To use the model you first have to download either the small, medium or large model. To see a list of all available models:

import dacy
for model in dacy.models():
   print(model)
# da_dacy_small_tft-0.0.0
# da_dacy_medium_tft-0.0.0
# da_dacy_large_tft-0.0.0

Note

The name of the indicated language (da), framework (dacy), model size (e.g. small), model type (tft),and model version (0.0.0)

From here we can now download a model using:

nlp = dacy.load("da_dacy_medium_tft-0.0.0")
# or equivalently
nlp = dacy.load("medium")

Which will download the model to the .dacy directory in your home directory. If the model is already downloaded the model will be loaded. To download the model to a specific directory:

# Just download
dacy.download_model("da_dacy_medium_tft-0.0.0", your_save_path)
# Download and load
nlp = dacy.load("da_dacy_medium_tft-0.0.0", your_save_path)

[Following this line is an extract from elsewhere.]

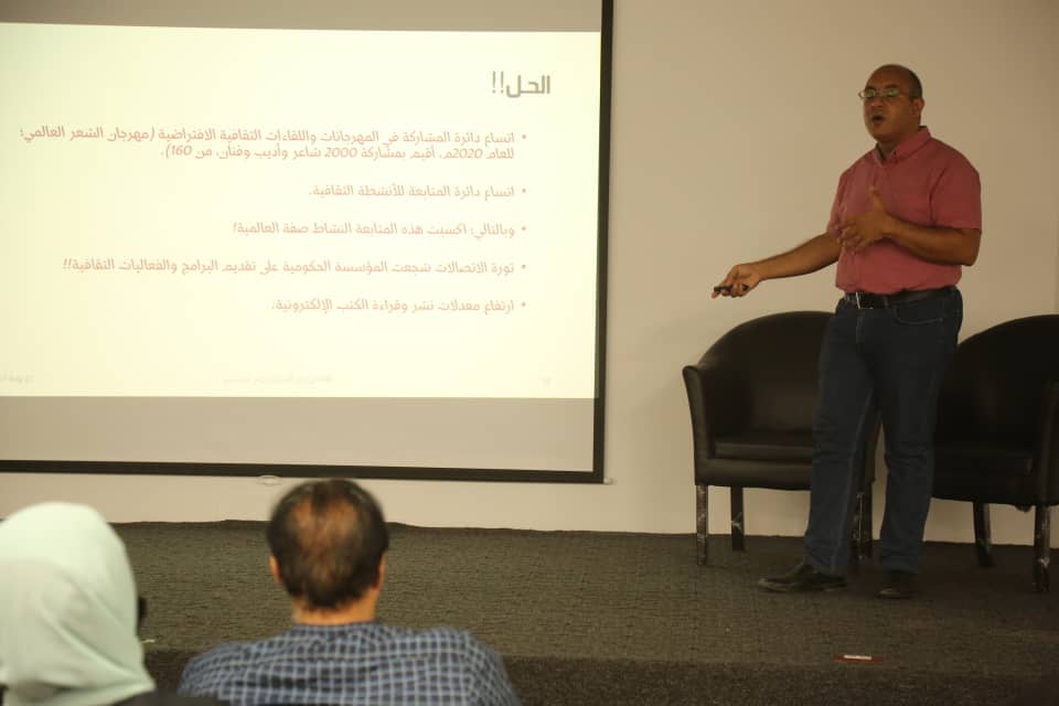 تناولت المحاضرة العمل الثقافي خلال فترة الحظر والعزل نتيجة جائحة فيروس كورونا المستجد (كوفيد 19)،

Using this we can now apply DaCy to text with conventional SpaCy syntax:

doc = nlp("DaCy er en hurtig og effektiv pipeline til dansk sprogprocessering bygget i SpaCy.")

See also

DaCy is built using SpaCy, hence you will be able to find a lot of the required documentation for using the pipeline in their very well written documentation on their website

Tagging named entities#

A named entity is a “real-world object” that’s assigned a name – for example, a person, a country, a product or a book title. DaCy can recognize organizations, persons, and location, as well as other miscellaneous entities.

for entity in doc.ents:
   print(entity, ":", entity.label_)
# DaCy : ORG
# dansk : MISC
# SpaCy : ORG

We can also plot these using:

from spacy import displacy
displacy.render(doc, style="ent")

See also

For more on named entity recognition see SpaCy’s documentation.

Named entity recognition using DaCy

Tagging parts-of-speech#

print("Token POS-tag")
for token in doc:
   print(f"{token}: {token.pos_}")
# Token POS-tag
# DaCy:              PROPN
# er:                AUX
# en:                DET
# hurtig:            ADJ
# og:                CCONJ
# effektiv:          ADJ
# pipeline:          NOUN
# til:               ADP
# dansk:             ADJ
# sprogprocessering: NOUN
# bygget:            VERB
# i:                 ADP
# SpaCy:             PROPN
# .:                 PUNCT

See also

For more on Part-of-speech tagging see SpaCy’s documentation.

Dependency parsing#

DaCy features a fast and accurate syntactic dependency parser. In DaCy this dependency parsing is also used for sentence segmentation and detecting noun chunks.

You can see the dependency tree using:

doc = nlp("DaCy er en effektiv pipeline til dansk fritekst.")

from spacy import displacy
displacy.render(doc)
Dependency parsing using DaCy

See also

For more on dependency parsing with DaCy, especially on how to navigate the tree, see SpaCy’s documentation.